**What to work on:** For the entries below, state how many lines include the string "performance", and write nothing besides that number.

[Opening Given entries section]

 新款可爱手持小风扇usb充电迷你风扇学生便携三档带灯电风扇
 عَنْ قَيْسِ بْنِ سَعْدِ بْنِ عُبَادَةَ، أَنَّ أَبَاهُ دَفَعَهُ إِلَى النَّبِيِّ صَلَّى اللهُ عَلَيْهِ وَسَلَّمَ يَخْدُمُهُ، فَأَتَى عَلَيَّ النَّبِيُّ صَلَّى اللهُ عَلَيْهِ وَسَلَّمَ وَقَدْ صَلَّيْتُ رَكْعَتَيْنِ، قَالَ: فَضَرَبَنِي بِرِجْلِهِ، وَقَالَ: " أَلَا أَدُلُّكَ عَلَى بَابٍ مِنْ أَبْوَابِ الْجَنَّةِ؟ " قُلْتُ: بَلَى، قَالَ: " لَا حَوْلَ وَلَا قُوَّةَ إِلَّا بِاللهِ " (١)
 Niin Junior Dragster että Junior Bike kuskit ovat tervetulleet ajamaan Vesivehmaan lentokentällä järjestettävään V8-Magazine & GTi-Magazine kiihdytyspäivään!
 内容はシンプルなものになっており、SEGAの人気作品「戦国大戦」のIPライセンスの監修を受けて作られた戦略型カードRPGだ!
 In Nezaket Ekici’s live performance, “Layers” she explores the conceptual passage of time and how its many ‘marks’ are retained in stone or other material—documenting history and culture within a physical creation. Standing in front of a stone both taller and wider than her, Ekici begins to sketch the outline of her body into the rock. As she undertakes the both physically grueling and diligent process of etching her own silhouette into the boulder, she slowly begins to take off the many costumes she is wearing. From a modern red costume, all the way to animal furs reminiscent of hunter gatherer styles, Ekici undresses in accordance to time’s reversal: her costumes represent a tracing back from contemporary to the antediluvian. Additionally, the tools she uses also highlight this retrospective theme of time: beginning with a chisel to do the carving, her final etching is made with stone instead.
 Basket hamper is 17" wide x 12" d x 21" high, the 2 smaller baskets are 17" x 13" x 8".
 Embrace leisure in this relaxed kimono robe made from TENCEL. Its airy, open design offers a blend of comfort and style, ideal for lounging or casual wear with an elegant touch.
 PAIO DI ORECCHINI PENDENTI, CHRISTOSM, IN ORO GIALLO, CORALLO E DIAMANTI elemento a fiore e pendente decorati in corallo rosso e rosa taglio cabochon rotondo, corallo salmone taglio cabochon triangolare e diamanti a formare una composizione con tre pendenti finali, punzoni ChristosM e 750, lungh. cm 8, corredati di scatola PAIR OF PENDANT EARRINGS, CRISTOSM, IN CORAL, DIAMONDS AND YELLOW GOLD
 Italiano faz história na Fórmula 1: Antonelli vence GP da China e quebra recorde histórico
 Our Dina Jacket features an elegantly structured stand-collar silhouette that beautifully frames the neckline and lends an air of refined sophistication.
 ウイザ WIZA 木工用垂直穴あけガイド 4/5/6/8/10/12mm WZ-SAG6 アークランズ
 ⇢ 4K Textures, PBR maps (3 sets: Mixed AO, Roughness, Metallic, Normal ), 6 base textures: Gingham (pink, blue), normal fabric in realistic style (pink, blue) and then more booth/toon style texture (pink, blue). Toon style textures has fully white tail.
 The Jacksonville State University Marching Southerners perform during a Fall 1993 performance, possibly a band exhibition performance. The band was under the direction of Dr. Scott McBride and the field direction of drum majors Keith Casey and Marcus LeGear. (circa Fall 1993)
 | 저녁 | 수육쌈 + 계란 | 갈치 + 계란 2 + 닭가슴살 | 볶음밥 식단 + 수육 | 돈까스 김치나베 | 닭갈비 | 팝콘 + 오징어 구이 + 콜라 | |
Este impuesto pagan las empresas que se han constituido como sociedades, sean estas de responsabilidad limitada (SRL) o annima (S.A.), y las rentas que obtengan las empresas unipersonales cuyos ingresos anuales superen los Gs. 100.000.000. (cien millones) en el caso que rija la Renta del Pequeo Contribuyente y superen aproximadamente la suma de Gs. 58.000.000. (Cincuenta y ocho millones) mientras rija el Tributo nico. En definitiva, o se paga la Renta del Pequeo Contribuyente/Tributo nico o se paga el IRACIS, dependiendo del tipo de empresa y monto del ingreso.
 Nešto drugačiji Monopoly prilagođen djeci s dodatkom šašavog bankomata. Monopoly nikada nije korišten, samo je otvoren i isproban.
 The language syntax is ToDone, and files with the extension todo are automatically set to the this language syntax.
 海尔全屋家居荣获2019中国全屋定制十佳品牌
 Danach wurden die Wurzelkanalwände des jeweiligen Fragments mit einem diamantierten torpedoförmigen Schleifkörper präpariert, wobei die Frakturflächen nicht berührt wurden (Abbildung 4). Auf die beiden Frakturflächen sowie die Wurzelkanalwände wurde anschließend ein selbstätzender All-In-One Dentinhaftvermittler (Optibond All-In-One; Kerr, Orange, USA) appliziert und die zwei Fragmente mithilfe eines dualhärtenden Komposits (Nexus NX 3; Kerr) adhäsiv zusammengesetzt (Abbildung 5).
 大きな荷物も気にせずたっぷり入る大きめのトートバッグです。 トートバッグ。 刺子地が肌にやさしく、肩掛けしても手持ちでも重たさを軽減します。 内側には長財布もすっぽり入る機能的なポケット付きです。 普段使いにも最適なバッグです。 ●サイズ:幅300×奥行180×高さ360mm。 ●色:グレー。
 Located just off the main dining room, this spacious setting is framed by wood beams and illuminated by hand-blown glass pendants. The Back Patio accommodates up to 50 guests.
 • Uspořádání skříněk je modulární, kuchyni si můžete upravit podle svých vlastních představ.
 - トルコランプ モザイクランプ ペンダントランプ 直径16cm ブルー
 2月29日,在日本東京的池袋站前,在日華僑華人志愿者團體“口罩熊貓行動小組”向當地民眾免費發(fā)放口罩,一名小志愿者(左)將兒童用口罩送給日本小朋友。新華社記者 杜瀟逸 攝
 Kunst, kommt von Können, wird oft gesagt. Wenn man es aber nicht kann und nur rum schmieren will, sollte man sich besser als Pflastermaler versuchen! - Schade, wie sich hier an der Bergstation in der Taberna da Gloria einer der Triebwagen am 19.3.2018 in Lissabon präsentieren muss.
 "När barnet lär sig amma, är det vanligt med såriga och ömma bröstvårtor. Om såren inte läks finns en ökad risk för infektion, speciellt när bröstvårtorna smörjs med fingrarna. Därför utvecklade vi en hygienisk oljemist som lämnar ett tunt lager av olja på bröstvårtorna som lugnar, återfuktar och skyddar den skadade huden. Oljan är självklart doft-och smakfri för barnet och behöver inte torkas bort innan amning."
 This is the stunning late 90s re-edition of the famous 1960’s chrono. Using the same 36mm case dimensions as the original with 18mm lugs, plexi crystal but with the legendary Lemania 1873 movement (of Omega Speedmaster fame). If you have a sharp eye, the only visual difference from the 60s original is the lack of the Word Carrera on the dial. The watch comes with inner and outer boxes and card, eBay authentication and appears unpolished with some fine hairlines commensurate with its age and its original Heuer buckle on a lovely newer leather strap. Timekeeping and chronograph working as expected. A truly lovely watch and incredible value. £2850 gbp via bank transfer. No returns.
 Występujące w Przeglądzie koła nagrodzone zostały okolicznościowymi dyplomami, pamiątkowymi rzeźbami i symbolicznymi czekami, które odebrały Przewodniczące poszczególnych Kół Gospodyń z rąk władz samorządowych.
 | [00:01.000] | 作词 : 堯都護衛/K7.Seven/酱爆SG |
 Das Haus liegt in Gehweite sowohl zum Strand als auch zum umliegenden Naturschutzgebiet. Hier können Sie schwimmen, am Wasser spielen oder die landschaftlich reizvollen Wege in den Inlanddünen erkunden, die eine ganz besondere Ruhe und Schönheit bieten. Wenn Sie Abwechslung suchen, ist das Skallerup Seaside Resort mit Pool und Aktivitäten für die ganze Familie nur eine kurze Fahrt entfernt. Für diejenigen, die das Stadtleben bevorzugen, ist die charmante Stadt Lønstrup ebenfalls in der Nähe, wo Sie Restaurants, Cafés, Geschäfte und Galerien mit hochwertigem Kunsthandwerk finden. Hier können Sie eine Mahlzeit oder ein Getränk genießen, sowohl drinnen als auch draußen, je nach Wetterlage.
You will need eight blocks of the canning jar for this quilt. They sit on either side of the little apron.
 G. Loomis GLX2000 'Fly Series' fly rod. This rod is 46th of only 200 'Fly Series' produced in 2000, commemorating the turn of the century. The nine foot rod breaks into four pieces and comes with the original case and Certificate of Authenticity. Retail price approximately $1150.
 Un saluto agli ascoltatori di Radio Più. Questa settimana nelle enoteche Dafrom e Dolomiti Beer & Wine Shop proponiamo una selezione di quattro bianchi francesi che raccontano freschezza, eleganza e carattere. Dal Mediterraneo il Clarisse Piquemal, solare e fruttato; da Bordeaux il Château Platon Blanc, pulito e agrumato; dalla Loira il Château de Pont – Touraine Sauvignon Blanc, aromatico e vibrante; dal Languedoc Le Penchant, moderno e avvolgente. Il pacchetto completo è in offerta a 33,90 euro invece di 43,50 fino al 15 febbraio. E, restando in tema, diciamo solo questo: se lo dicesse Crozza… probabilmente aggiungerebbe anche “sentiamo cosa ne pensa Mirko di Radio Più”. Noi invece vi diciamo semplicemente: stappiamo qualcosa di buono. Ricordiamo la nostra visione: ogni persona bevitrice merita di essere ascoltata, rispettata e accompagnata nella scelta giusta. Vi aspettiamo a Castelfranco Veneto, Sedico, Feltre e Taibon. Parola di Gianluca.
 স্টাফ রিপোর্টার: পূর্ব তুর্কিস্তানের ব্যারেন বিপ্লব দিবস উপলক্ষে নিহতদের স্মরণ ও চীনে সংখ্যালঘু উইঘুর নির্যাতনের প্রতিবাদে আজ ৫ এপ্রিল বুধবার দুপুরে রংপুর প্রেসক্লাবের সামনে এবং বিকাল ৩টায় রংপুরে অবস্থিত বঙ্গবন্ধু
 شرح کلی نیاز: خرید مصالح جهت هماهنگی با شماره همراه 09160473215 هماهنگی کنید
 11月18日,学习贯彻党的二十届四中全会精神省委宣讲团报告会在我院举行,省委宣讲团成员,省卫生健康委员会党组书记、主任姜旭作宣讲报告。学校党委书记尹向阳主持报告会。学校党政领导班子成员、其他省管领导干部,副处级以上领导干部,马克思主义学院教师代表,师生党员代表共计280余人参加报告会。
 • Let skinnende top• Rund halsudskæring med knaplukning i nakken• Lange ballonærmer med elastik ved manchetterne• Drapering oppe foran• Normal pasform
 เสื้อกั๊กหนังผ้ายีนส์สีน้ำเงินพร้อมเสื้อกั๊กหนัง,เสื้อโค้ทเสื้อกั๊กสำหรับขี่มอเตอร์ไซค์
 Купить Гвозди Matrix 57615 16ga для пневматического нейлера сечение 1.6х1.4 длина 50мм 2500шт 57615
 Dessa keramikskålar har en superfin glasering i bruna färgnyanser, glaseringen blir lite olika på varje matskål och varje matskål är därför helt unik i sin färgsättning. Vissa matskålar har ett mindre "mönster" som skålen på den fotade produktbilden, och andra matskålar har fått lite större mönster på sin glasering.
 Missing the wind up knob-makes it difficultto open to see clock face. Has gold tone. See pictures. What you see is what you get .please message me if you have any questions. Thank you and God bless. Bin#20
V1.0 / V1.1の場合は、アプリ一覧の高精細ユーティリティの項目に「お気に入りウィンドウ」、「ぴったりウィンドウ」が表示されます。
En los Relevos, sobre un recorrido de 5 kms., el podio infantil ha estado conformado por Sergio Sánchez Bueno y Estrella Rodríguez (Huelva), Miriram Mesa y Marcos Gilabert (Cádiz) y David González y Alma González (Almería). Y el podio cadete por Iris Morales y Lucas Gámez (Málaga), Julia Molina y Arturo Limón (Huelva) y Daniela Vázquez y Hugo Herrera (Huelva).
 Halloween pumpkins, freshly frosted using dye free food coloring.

[Closing Given entries section]

**Result:** 2